→ **Exercise**
What is wanted is every line below from the one with "Nous avons fini" up to and including the one with "Cottage cheese is", retyped exactly, pictures excluded, nothing else.

→ **Supplied material**
□ □ □

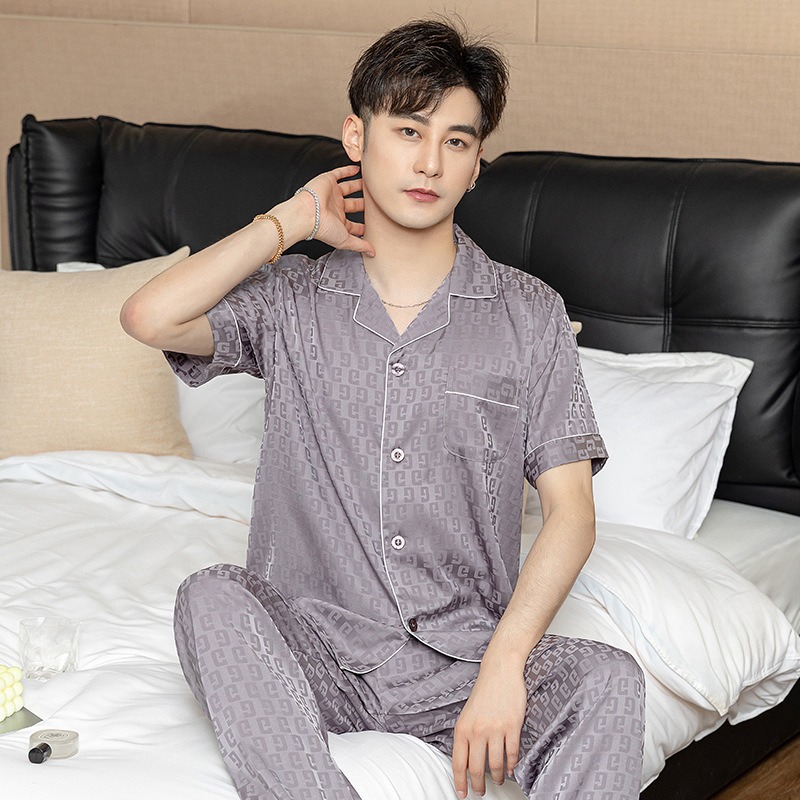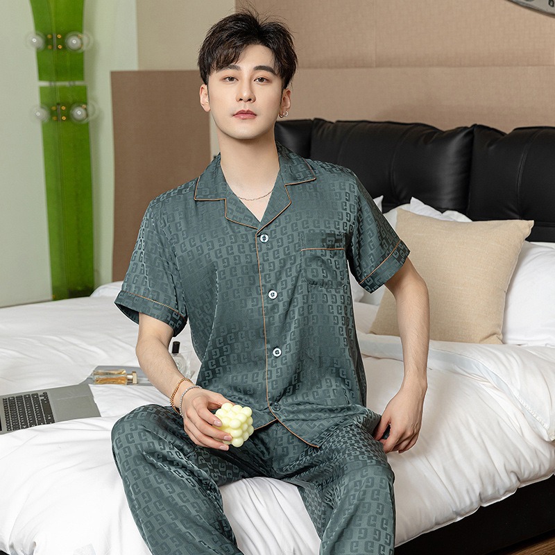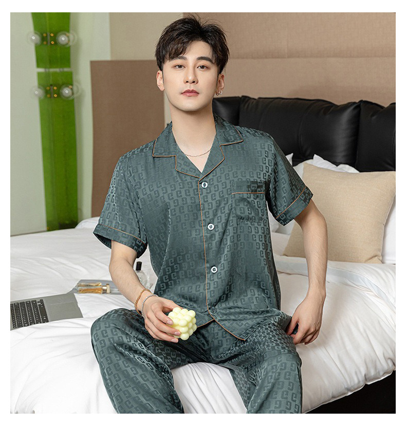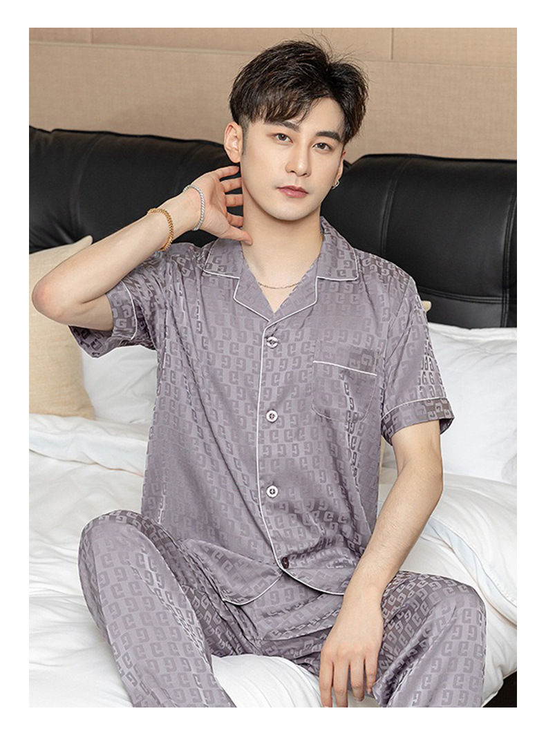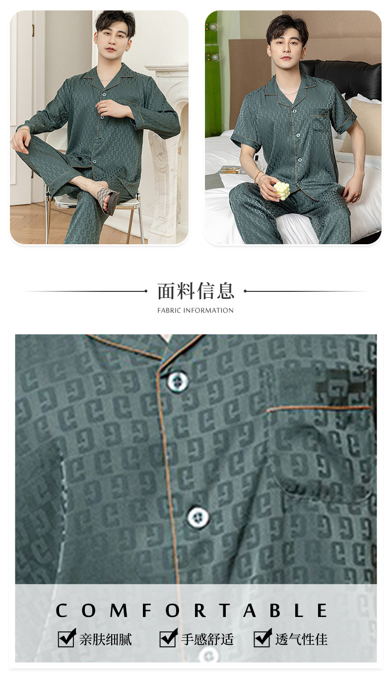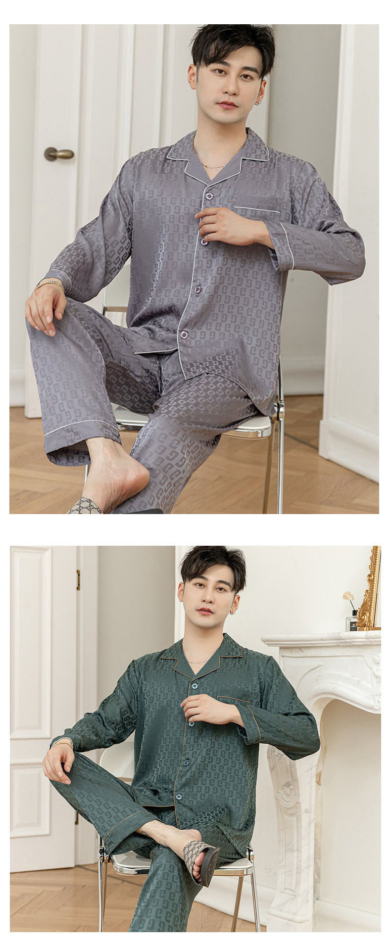 국경을 넘는 패션 신상품 남성용 봄 여름 얇은 긴팔 아이스 실크 모조 실크 홈웨어 세트 도매스토어 가기
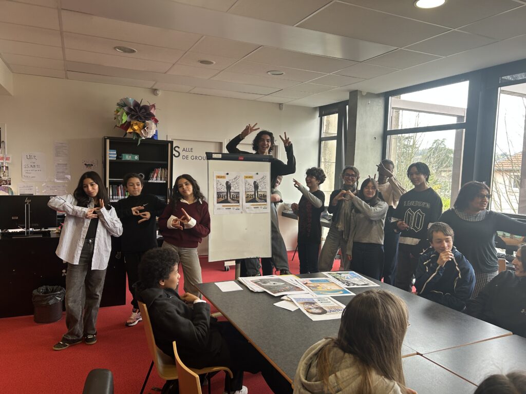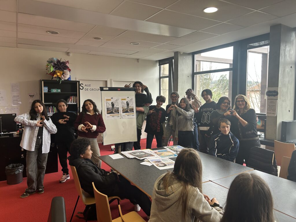 Nous avons fini de réfléchir à l’affiche qui représentera notre collège au concours “Non au harcèlement 2026” (grâce à l’aide précieuse de Gwenaël, AED qui a une solide formation en Arts appliqués) puis nous avons échangé autour du rôle de témoin suiveur et de celui de témoin positif et empathique… Ce fût un beau moment de partage et d’échanges!
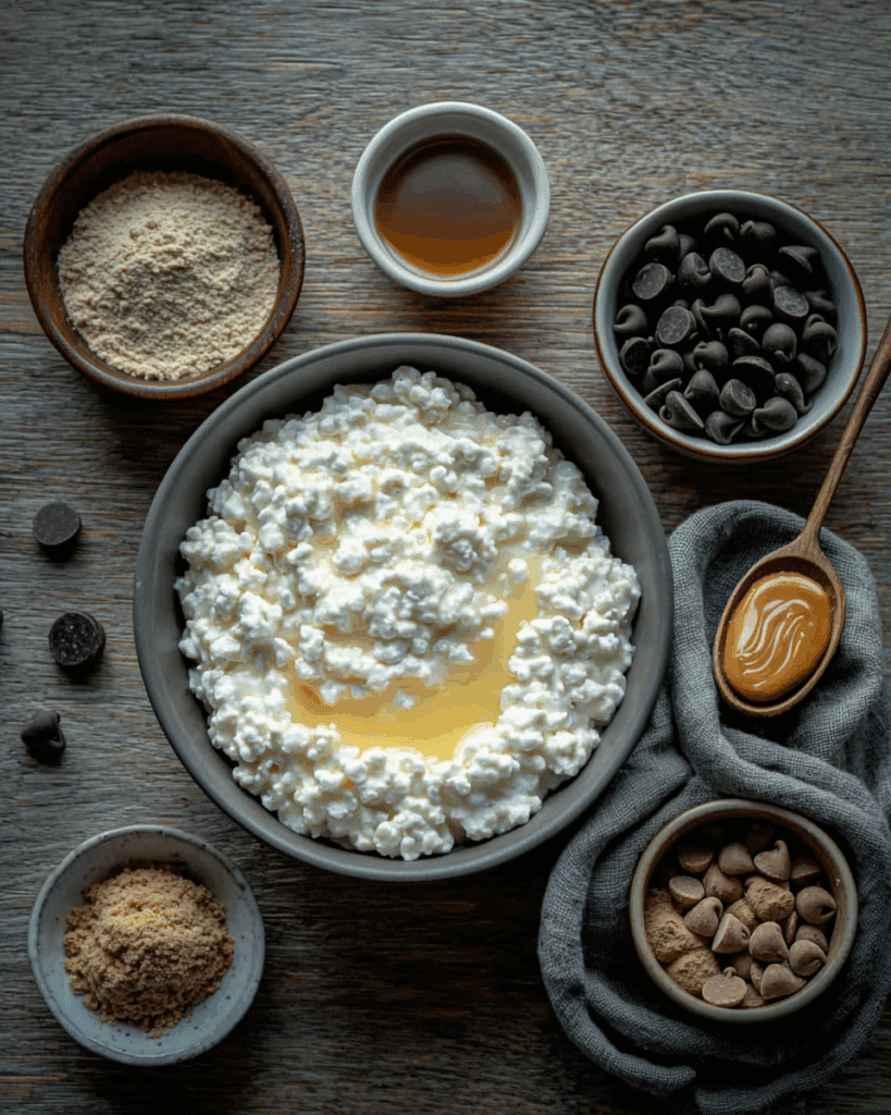Cottage cheese is the unexpected hero here—it blends into a silky texture and adds a boost of protein and creaminess. Maple syrup is your sweetener of choice, keeping the flavor warm and smooth. Vanilla extract enhances everything and gives that true cookie dough vibe. Almond flour adds body and keeps it grain-free. Vanilla protein powder amps up the nutrition while helping with structure. A spoonful of peanut butter deepens the flavor and makes it all feel extra decadent. Chocolate chips bring the nostalgia—and the joy.
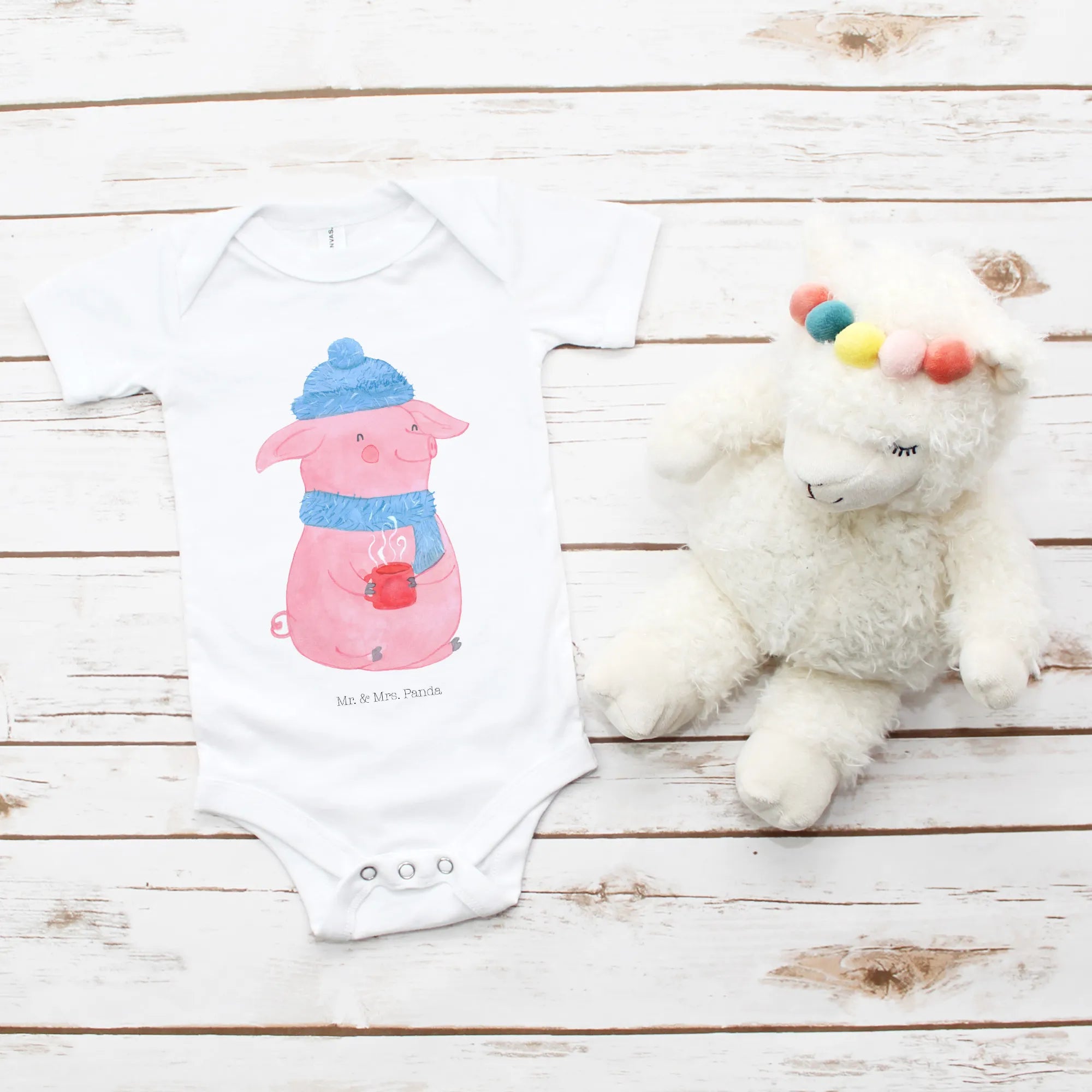 Dieser liebevoll gestaltete Babystrampler bringt nicht nur ein Lächeln auf dein Gesicht, sondern auch auf die Gesichter der Kleinen und ihrer Eltern. Das fröhliche, rosa Schweinchen, das eine warme Mütze mit Pompon und einen passenden Schal trägt, hält in den Händen eine dampfende Tasse - es symbolisiert die Gemütlichkeit der Wintermonate und die Vorfreude auf die Weihnachtszeit.

□ □ □

→ **Result for this exercise**
 Nous avons fini de réfléchir à l’affiche qui représentera notre collège au concours “Non au harcèlement 2026” (grâce à l’aide précieuse de Gwenaël, AED qui a une solide formation en Arts appliqués) puis nous avons échangé autour du rôle de témoin suiveur et de celui de témoin positif et empathique… Ce fût un beau moment de partage et d’échanges!
Cottage cheese is the unexpected hero here—it blends into a silky texture and adds a boost of protein and creaminess. Maple syrup is your sweetener of choice, keeping the flavor warm and smooth. Vanilla extract enhances everything and gives that true cookie dough vibe. Almond flour adds body and keeps it grain-free. Vanilla protein powder amps up the nutrition while helping with structure. A spoonful of peanut butter deepens the flavor and makes it all feel extra decadent. Chocolate chips bring the nostalgia—and the joy.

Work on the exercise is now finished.